[DATA TO USE]

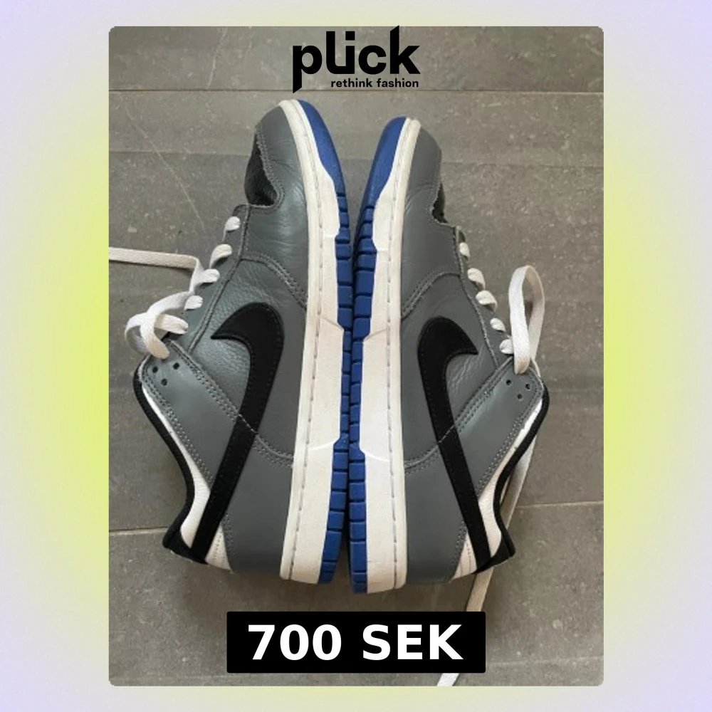 Säljer ett par Nike Dunk Low By You, egendesignade via Nike. Unik färgkombination som inte finns i butik, perfekt om du vill ha något som sticker ut. Skorna är i mycket fint skick, sparsamt använda och väl omhändertagna. Rent läder, fina sulor och inget kraftigt slitage. Detaljer: • Storlek: EU 40 • Modell: Nike Dunk Low • Version: Nike By You / custom • Skick: Mycket fint • Färg: Grå/svart med blå sula Nypris låg runt 1500 kr.
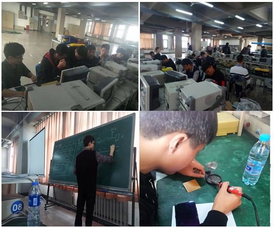参观过程中,本部老师为协会成员们介绍了智能车的研究发展方向,讲解了设计过程中的具体流程,大家表现出了浓厚的兴趣。参观结束后,在实训中心,天职师大的学长就基本电路和矩阵的应用进行了详细的讲解,成员们自己动手进行了电路焊接的练习。在老师和学长的帮助下,成员们大显身手,表现不凡,也为以后参加飞思卡尔智能车比赛奠定了坚实的基础。
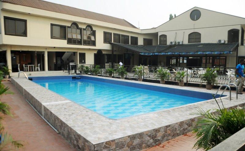 Book a Royal Plus Room in Benny Hotels, Festac, Lagos State, Nigeria. Situated 60 minutes away fromMurtala Muhammed International Airport , Benny Hotels is a deluxe hotel is sited atPlot 641 First Avenue, Festac Town, Lagos . This hotel is appropriate for business and leisure travellers. It boasts facilities like outdoor pool, pool bar, mini gym, sauna room and a conference facility.The hotel rooms are cosy and air conditioned. Each room is furnished with a living room, work desk/chair, mini bar, flat screen cable connected television set, refrigerator and king-size bed. The en-suite bathroom is equipped with a bathtub and complimentary toiletries. The rooms are categorised into Standard, Executive, Executive Luxury, Royal Rooms, Royal Plus, Executive Suite, Royal Suite, and Presidential Suite. Breakfast is served daily.Local and continental dishes are available at the restaurant. The pool bar and rooftop lounge are well stocked with assorted wines and other beverages. Barbeque, grilled fish, and Suya are also available. Guests can enjoy a relaxing dip in the swimming pool or take advantage of their free access to the gym and partake in fitness exercises in Benny Hotels’ fully equipped gym. An outdoor poolside and event space of over 200 capacity can be booked for social gatherings. A variety of services available on request is laundry, car hire, airport pickup and concierge. Parking space is ample and security is assured.
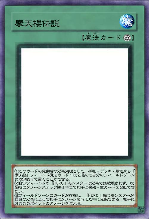 | ①このカードの発動時の効果処理として、手札・デッキ・墓地から「摩天楼」フィールド魔法カード1枚を選んで自分のフィールドゾーンに表側表示で置くことができる。 ②自分フィールドの「HERO」モンスターは効果では破壊されず、攻撃時にダメージステップ終了時まで相手は魔法・罠カードを発動できない。 ③フィールドゾーンにカードが存在し、「HERO」融合モンスターが自身の効果によって相手にダメージを与えた時に発動できる。相手に3000ポイントのダメージを与える。 | |||
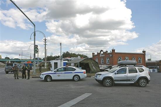 8月12日,在俄乌边境俄方一侧别尔哥罗德州首府别尔哥罗德市,军人和警察在道路旁执勤 新华社发
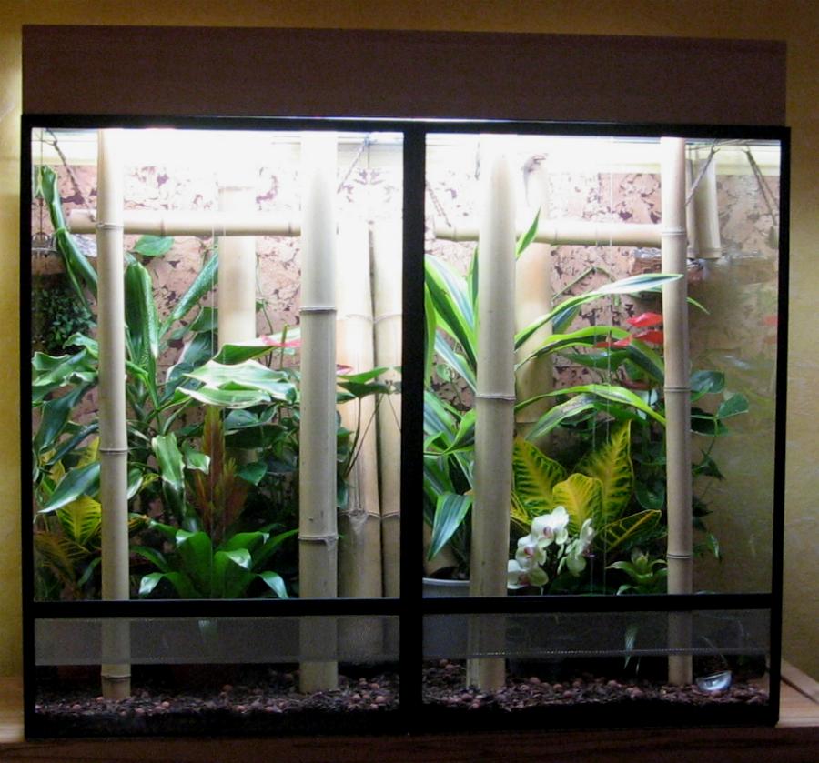 Als wir vor einigen Jahren unsere ersten Terrarien hergerichtet haben und mit Beleuchtung versahen, glich das ganze eher einem wirren Durcheinander von Lampen und Kabeln in und auf dem Becken. Irgendwann kam meiner Freundin der Gedanke, ähnlich wie bei Aquarien, einen Beleuchtungskasten zu verwenden. Da wir gerade dabei waren, uns ein erstes Blockterrarium für Nachzuchten einzurichten, wurde der Gedanke des Beleuchtungskastens direkt in die Tat umgesetzt. Der Vorteil eines Beleuchtungskastens ist, dass die ganze Terrarienanlage viel ordentlicher aussieht. Weiterhin staut sich auch mehr Wärme in das Terrarium zurück. So ist es im oberen Bereich des Terrariums mit Beleuchtungskasten um einige Grad wärmer als wenn die Wärme der Leuchtmittel nach oben frei entweichen kann. Nachfolgend wird schrittweise gezeigt, wie wir einen Belsuchtungskasten für zwei nebeneinander stehende Terrarien der Größe 50x50x80 (BxTxH) gestaltet haben. Die Grundfläche misst 100x50 cm. Der Terrariendeckel besteht mittig zur Hälfte aus einem Edelstahlgazeeinsatz. |
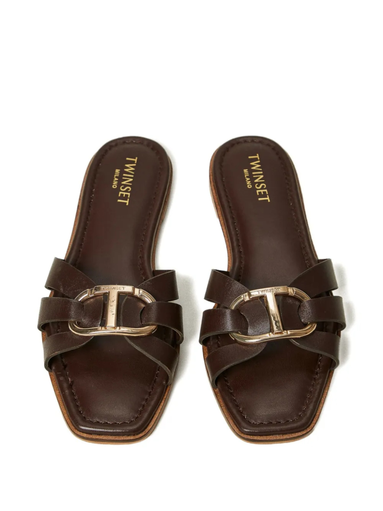 Шлепанцы с пряжкой-логотипом TWINSET, коричневый
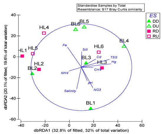The dbRDA plot on the correlation between nematode generic composition on abundance with environment variables for all stations of estuarine sections. Abbreviations: (Es: estuarine-section), “DD” = dammed downstream, “DU” = dammed upstream, “RD” = reference downstream, “RU” = reference upstream.
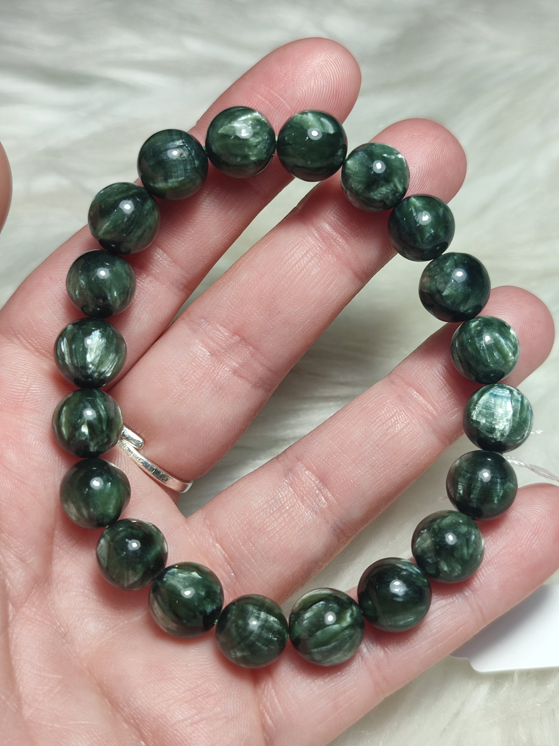 Pulsera unica esferas de serafinita extra 10 mm
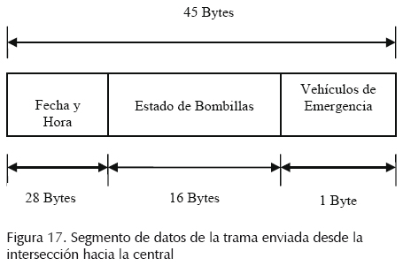 En la trama que se transmite desde el controlador de tráfico hacia la central, se envía información que corresponde a los reportes sobre el estado de la intersección monitoreada. Como se presenta en la figura 17, la trama está estructurada con la fecha y la hora, el estado de las luces con una tamaño de 16 bytes (1 byte por semáforo), y por último se posee un byte para reportar a la central la detección de algún vehículo de emergencia.
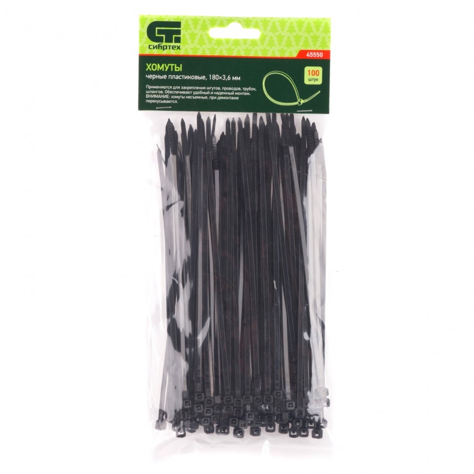 | Хомуты пластиковые черные 180х3,6 мм 100 шт. Сибртех | 45550 | 1 шт. |
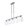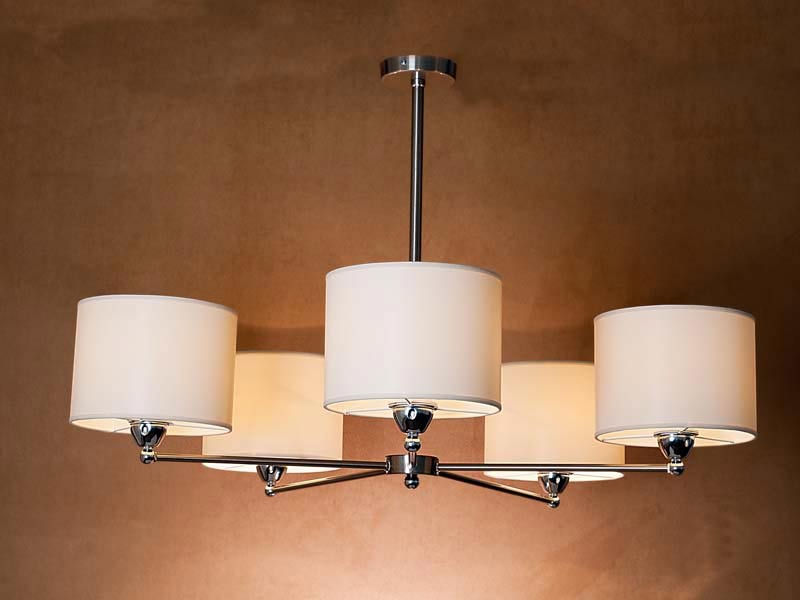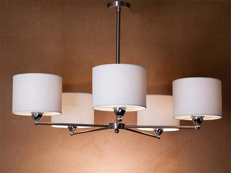 Полилей с пет бели абажура. Изчистен и модерен дизайн. Предлага се в три цвята на арматурата – инокс, титан, хром и няколко цвята абажури – бял, черен,сив, екрю, бордо. Лампите не са включени в цената.
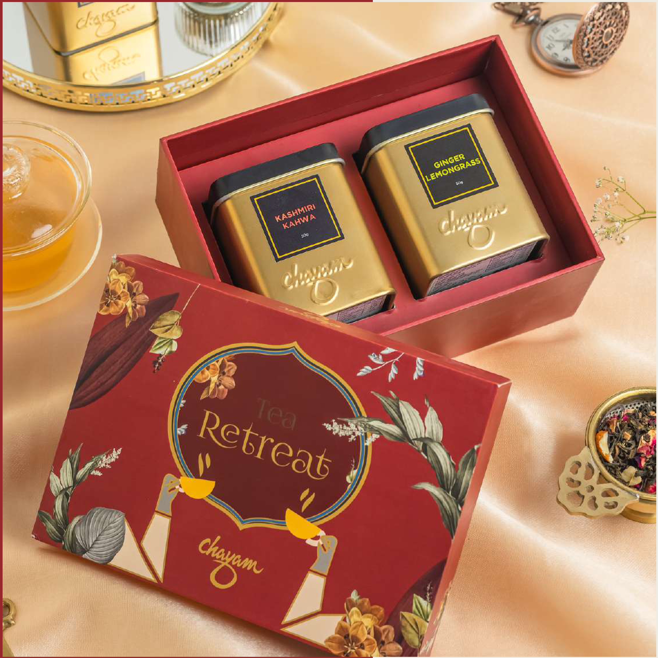 Experience a delightful tea journey with the Chayam Tea Retreat Gift Box. This exquisite set features two premium tea blends: Kashmiri Kahwa and Ginger Lemongrass, presented in elegant golden tins. Perfect for gifting or personal indulgence, it offers a sophisticated tea-drinking experience.
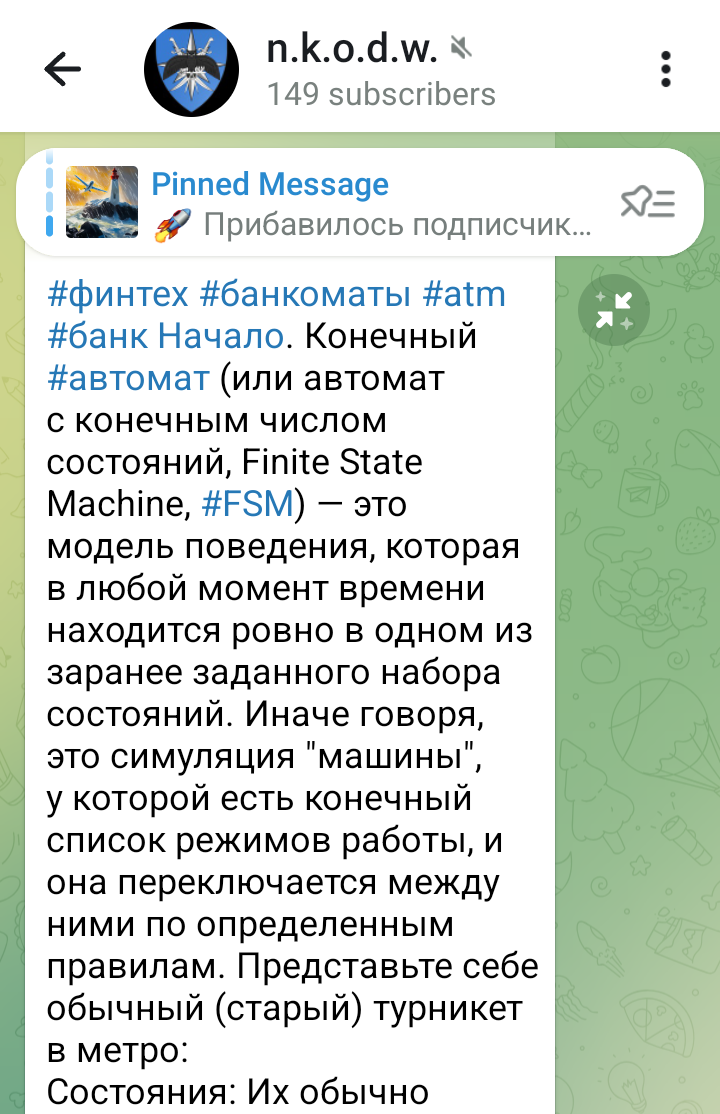 "Конечный автомат (или автомат с конечным числом состояний, Finite State Machine, FSM) — это модель поведения, которая в любой момент времени находится ровно в одном из заранее заданного набора состояний. Иначе говоря, это симуляция "машины", у которой есть конечный список режимов работы, и она переключается между ними по определенным правилам.
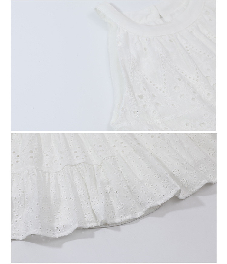 소녀 화이트 자카드 원피스 2025 여름 새 스타일 민소매 레이스 할로우 공주 원피스 어린 소녀
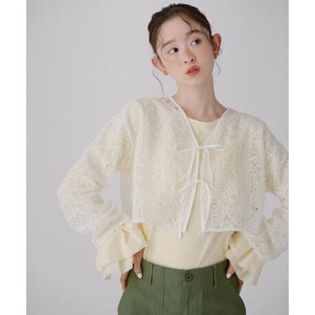 春らしい軽やかさを纏えるレース羽織ブラウス。ニットやカットソーに重ねるだけで、旬のレイヤードスタイルが完成します。軽やかな着心地なので、春のお出かけやデイリーコーデにぴったり。ショート丈でスタイルアップを期待できます。フロントリボンを結ぶデザインが、程よい抜け感とカジュアルな印象を叶えてくれます。<素材>透明なメッシュ地にレース柄の刺しゅうを入れた生地を使用しています。<詳細>仕様・前リボン裏地・なし透け感・あり / 光沢・ややあり / 伸縮性・なし 生地の厚さ・薄手※モデルの着用画像の場合、光の当たり具合により、実際の色味と異なって見えることがございます。色味は、商品単体の画像をご参照ください。
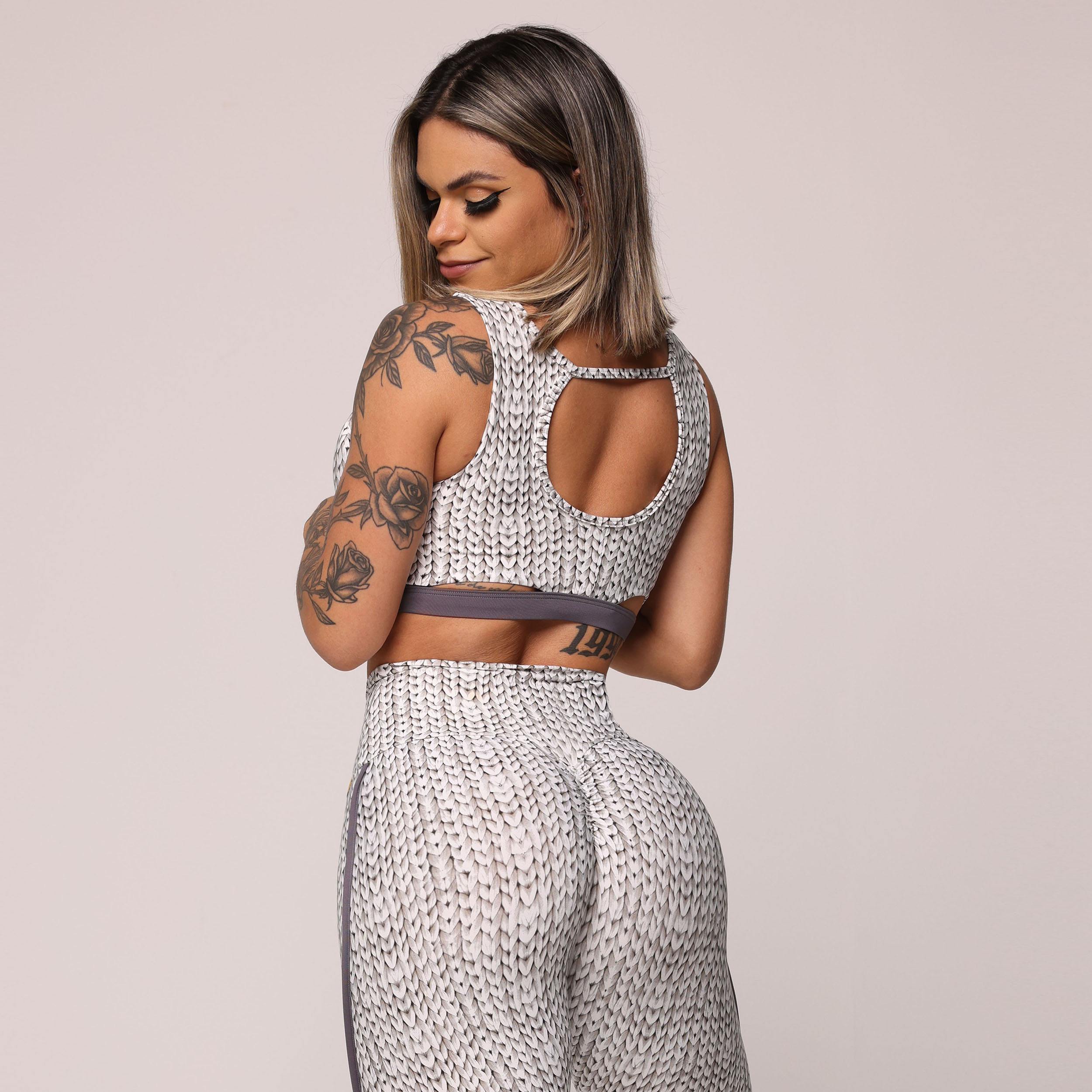 Utilizando tecidos de alta tecnologia, trazemos estampas realistas de tricot em 3D para o universo fitness. Sinta-se confortável e confiante enquanto veste a história do tricot de uma maneira completamente nova!
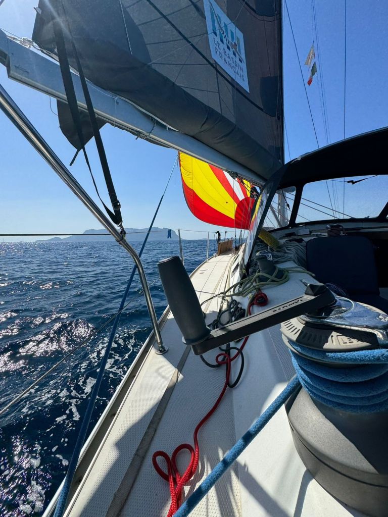 Cette navigation à vraiment été super sympa avec de belles accélérations et les autres voiliers rencontrés laissés sur place. Il faut dire qu’avec une voile d’avant de 145 m2, quand le vent monte, ça envoie du pâté.
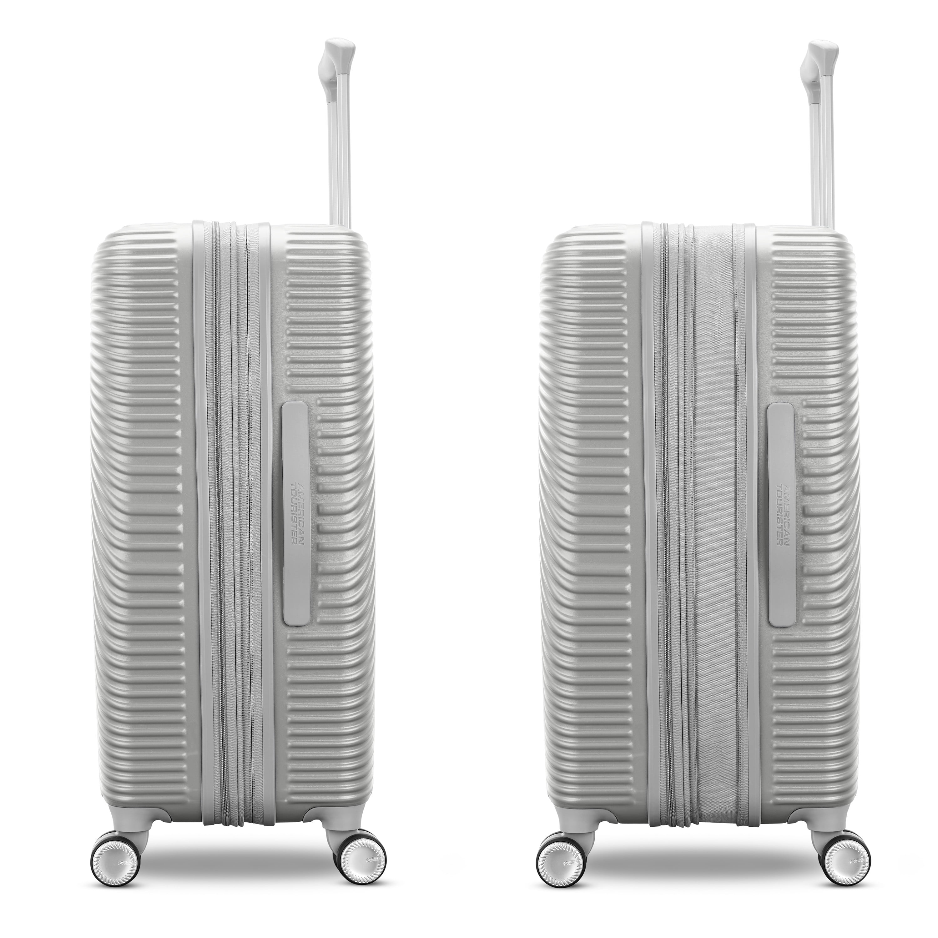 American Tourister Color Waves Carry On Expandable Luggage Suitcase with Spinner Wheels, Silver

[/DATA TO USE]

EXERCISE INSTRUCTIONS: Starting at the line containing "The dbRDA plot" and stopping at the line containing "Experience a delightful", output every line above exactly, both ends included, with pictures omitted.

OUTPUT FOR THIS TASK:
The dbRDA plot on the correlation between nematode generic composition on abundance with environment variables for all stations of estuarine sections. Abbreviations: (Es: estuarine-section), “DD” = dammed downstream, “DU” = dammed upstream, “RD” = reference downstream, “RU” = reference upstream.
 Pulsera unica esferas de serafinita extra 10 mm
 En la trama que se transmite desde el controlador de tráfico hacia la central, se envía información que corresponde a los reportes sobre el estado de la intersección monitoreada. Como se presenta en la figura 17, la trama está estructurada con la fecha y la hora, el estado de las luces con una tamaño de 16 bytes (1 byte por semáforo), y por último se posee un byte para reportar a la central la detección de algún vehículo de emergencia.
 | Хомуты пластиковые черные 180х3,6 мм 100 шт. Сибртех | 45550 | 1 шт. |
 Полилей с пет бели абажура. Изчистен и модерен дизайн. Предлага се в три цвята на арматурата – инокс, титан, хром и няколко цвята абажури – бял, черен,сив, екрю, бордо. Лампите не са включени в цената.
 Experience a delightful tea journey with the Chayam Tea Retreat Gift Box. This exquisite set features two premium tea blends: Kashmiri Kahwa and Ginger Lemongrass, presented in elegant golden tins. Perfect for gifting or personal indulgence, it offers a sophisticated tea-drinking experience.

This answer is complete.